Месть Акулы
Шрифт:
— Нету для вас адвоката, Дмитрий Олегович! Никто не соглашается приехать.
— Как же быть?
— Как быть? Да очень просто! Сейчас я оформлю задержание на трое суток, а завтра вас допрошу…
Работать в выходной день Рите не хотелось, что она красноречиво выразила взглядом, обращённым к Сергею.
Непринуждённо мешая в общении с подозреваемым местоимения «ты» и «вы», Тростинкина взялась за бланки протоколов «сотки». Первый экземпляр она запорола, так что вынуждена была в дальнейшем прибегнуть к помощи Волгина. Когда была написана последняя фраза и Рита, высунув кончик языка, поставила свою подпись, длинную, словно в ней умещались фамилия, имя и отчество целиком, Сергей невольно вздохнул. Такого количества ошибок он не позволял себе, даже учась на юрфаке, когда его впервые загнали на практику в одну из районных
— Кажется, все…
Сергей отвёл Софронова в дежурную часть, поручив её работникам честь дальнейшего препровождения задержанного в изолятор временного содержания. После этого Тростинкина долго собирала свои бумаги со стола кабинета и ещё дольше подкрашивала губы перед обколотым настенным зеркалом, не переставая возмущаться злодейской судьбой, вынудившей её перекроить все планы на уик-энд. Возмущалась она, впрочем, без злости и не забывала искоса посматривать на Сергея, который этого не замечал. Стоя перед окном, он курил в открытую форточку, смотрел, как оседают на его машину хлопья снега, и анализировал рассказ Софрона.

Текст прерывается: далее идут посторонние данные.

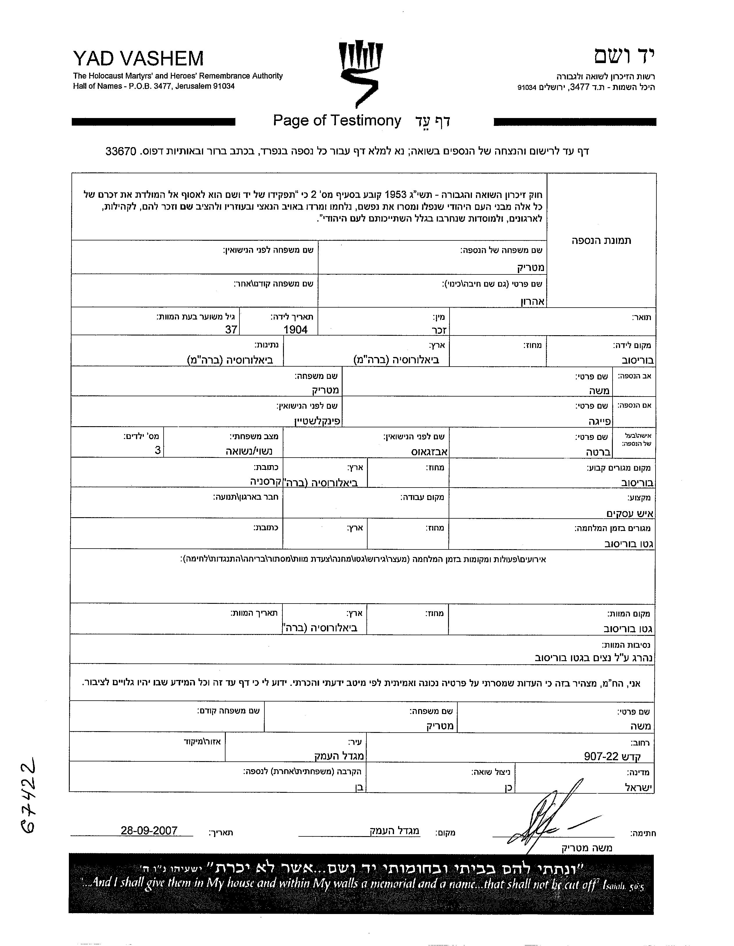 Aharon Metrik wurde im Jahr 1904 in Borisov, Weißrussland (UdSSR) geboren. Er war der Sohn von Moshe und Feiga, geb. Finkelshtein. Er war Geschäftsmann und mit Berta, geb. אבזגאוס Verheiratet. Vor dem Zweiten Weltkrieg lebte er in Borisov, Weißrussland (UdSSR). Während des Krieges war er in Borisov, Weißrussland (UdSSR).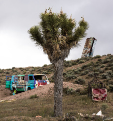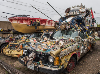 美国拉斯维加斯赌城附近有个小镇叫Goldfield(金地), 曾经是淘金圣地,繁荣昌盛。金子淘完后便没落下来。衰败的土豪们于是利用废弃的豪车玩起了艺术。来吸引游客,另谋出路。这种创举产生出一种颓唐的美感。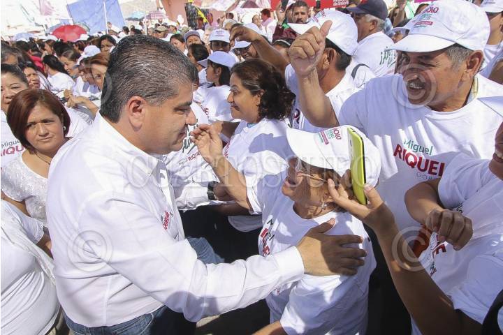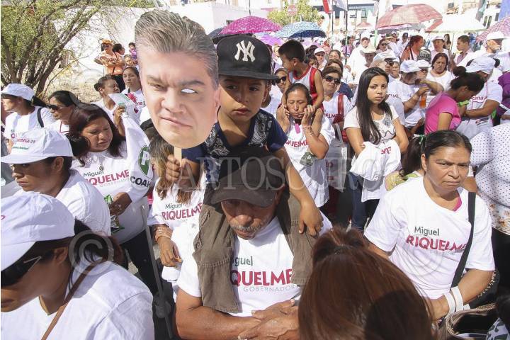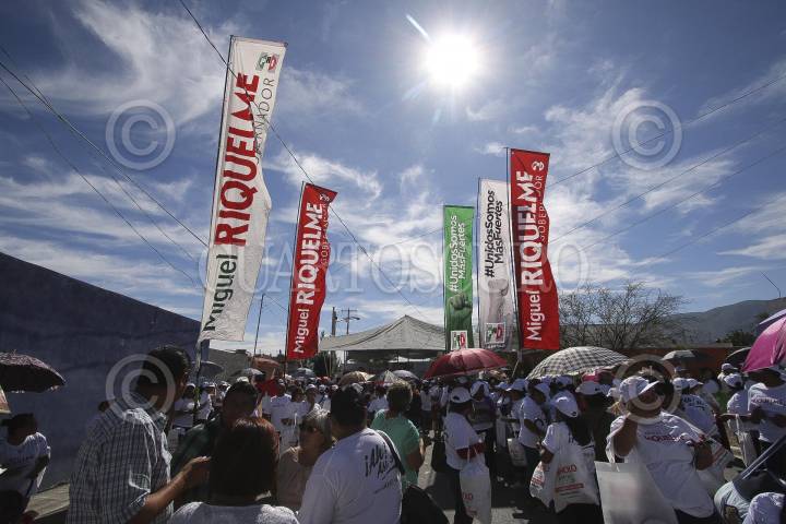 SALTILLO, COAHUILA 19MAYO2017.- Miguel Ángel Riquelme Solís, candidato a la gubernatura de Coahuila por el PRI, firmó un compromiso social "monedero rosa" que, según él, beneficiará a madres solteras, personas con discapacidad, de la tercera edad y abuelos que tengan a cargo a sus nietos. Decenas de personas asistieron al mitin que se llevó a cabo en la colonia "Pueblo Insurgente". FOTO: VENUSTIANO MADERO /CUARTOSCURO.COM

Придавать ему чрезмерное значение не стоило. Ключевых моментов было три: отношения в семье, инцест, оружие. Первые два теоретически могли послужить причиной убийства. Как реализовать такую информацию? Быстрых и эффективных способов не существовало, разве что путём грубого физического воздействия на «железную леди» Л.Б. Иванцову. Попытаться отыскать старые меддокументы и говорить с Людмилой Борисовной, имея их на руках в качестве козыря? Слабовато. Ну подтвердит она, прижатая к стенке, что Арнольд Михайлович спал с Лукерьей, в то время как она срывала голос на митингах в поддержку реформ, а что дальше? Дальше, собственно, ничего, за исключением лишнего повода для клерков из главка придраться к состоянию оперативно-поискового дела и настрочить список бездарных рекомендаций. Ни один «глухарь» ещё не был раскрыт благодаря подобным рекомендациям, но за их игнорирование или ненадлежащее исполнение пострадало множество оперов по всей России. Пообщаться с Лукерьей? Общаться, конечно, придётся, и здесь — карты в руки Андрею, который сумел установить с девчонкой психологический контакт, но тоже сомнительно, что из этого выйдет что-то путевое. Если Лаки причастна к гибели папаши, то станет молчать до последнего. Она сама, Сергей был в этом уверен, из пистолета не стреляла, должна была просить кого-то из друзей, которых не сдаст, как ты её ни уговаривай. «Вымогатели» Алик и Шурик? Установить их полные данные возможно: если они не плод воображения Софрона, а реальные люди, имеющие отношение к дочке Шершавчика, то это лишь вопрос времени, не более того. Лаки и не заметит, как её дружбаны окажутся под колпаком. Но опять-таки, что делать дальше? Тащить их в околоток и «колоть»? Затевать длительную разработку, терпеливо «окучивать», рассчитывая выявить другие эпизоды преступной деятельности? С места убийства Гладкостенного не изъяли ни единого отпечатка пальцев или обуви, не отыскали ни одного свидетеля, который мог бы опознать душегуба. Даже если Алик с Шуриком и признаются, никто их на основании этого признания не осудит. А ведь даже нет личной уверенности и отсутствуют какие-либо оперативные данные о том, что парням действительно есть в чём признаваться. Софронов, оказавшись в шкуре подозреваемого, будет городить всё что угодно, надеясь расположить к себе оперов, выхлопотать если не подписку о невыезде вместо ареста, то «хорошую» камеру в следственном изоляторе и, в перспективе, судебный приговор «ниже низшего».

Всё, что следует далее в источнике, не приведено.